## [Supplied material]
"""

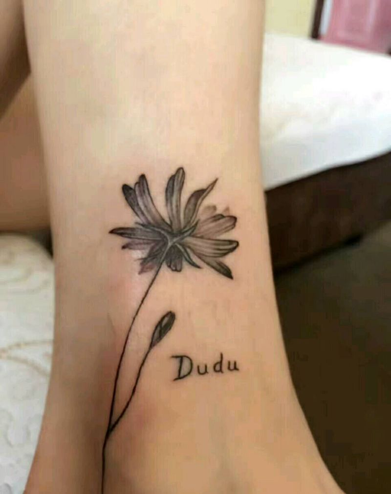 当前位置: 首页 >山西省大同市纹身店-精雕纹刺纹身图案>小野菊纹身图片_腿部脚部清新植物成品纹身图案
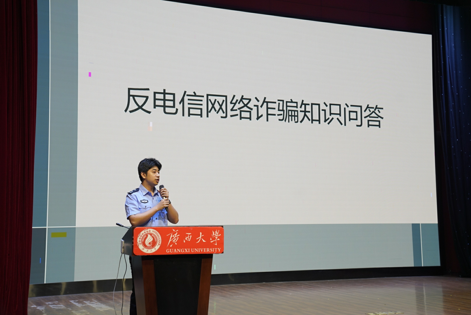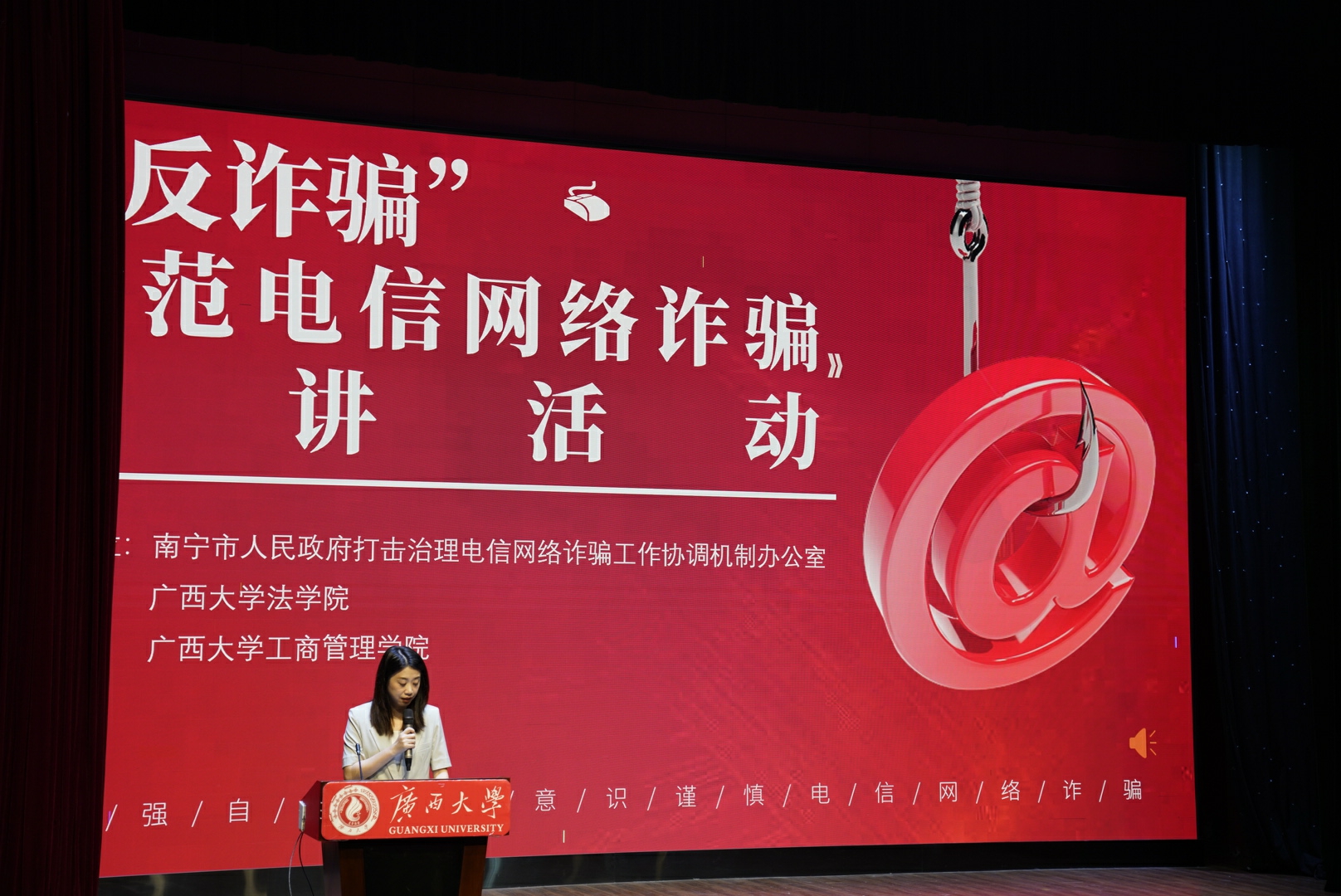 随后,南宁市公安局西乡塘分局网侦大队四级警长陆莉娜开展反诈知识主题宣讲。她结合辖区内高校高发频发的真实案例,以通俗易懂的语言,深入拆解境内外各类电信网络诈骗的作案套路,重点剖析刷单返利、冒充客服退款、冒充公检法等针对师生群体的典型诈骗形式,详细讲解对应的防范技巧、应对措施及合法维权途径。
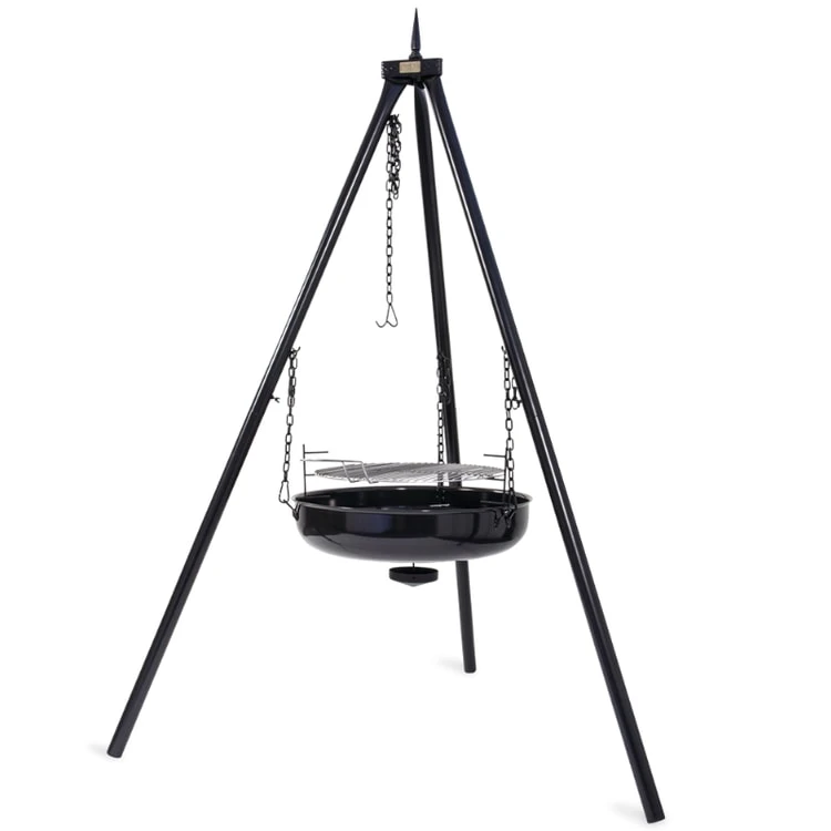 Braspannan har en robust trefotskonstruktion och är tillverkad i emaljerat stål där benen går att reglera efter underlaget så att den alltid står stadigt. Eldkaret kan justeras i höjdled – perfekt om du vill att pannan ska komma högre upp för att underlätta tillagning och närmare marken när du bara vill sitta och mysa. Braspannan har en diameter på 60 cm och levereras med grillgaller av rostfritt stål, kedja för kaffepanna. På braspannans undersida finns ett praktiskt uppsamlingskärl för fett, glöd och aska. Hålet i botten göra att lufttillförseln blir större vilket gör brasan enklare att tända.
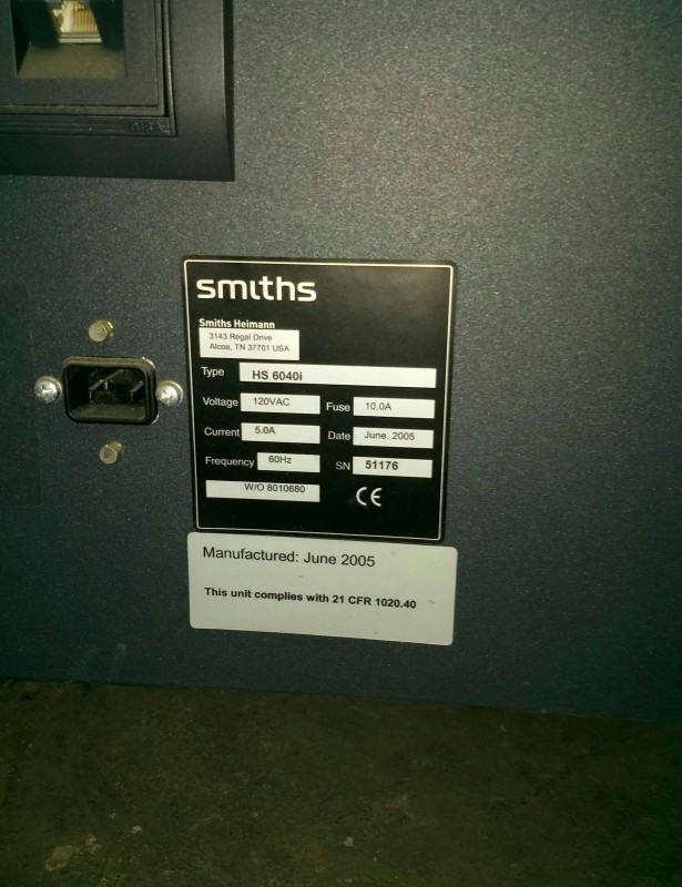 Description: 1 each Smiths Heiman x-ray machine.

"""

## [What to produce]
Reproduce exactly, and only, the lines from the one with "Braspannan har en robust" to the final line of the listing above; the pictures are to be left out.

## [Task answer]
 Braspannan har en robust trefotskonstruktion och är tillverkad i emaljerat stål där benen går att reglera efter underlaget så att den alltid står stadigt. Eldkaret kan justeras i höjdled – perfekt om du vill att pannan ska komma högre upp för att underlätta tillagning och närmare marken när du bara vill sitta och mysa. Braspannan har en diameter på 60 cm och levereras med grillgaller av rostfritt stål, kedja för kaffepanna. På braspannans undersida finns ett praktiskt uppsamlingskärl för fett, glöd och aska. Hålet i botten göra att lufttillförseln blir större vilket gör brasan enklare att tända.
 Description: 1 each Smiths Heiman x-ray machine.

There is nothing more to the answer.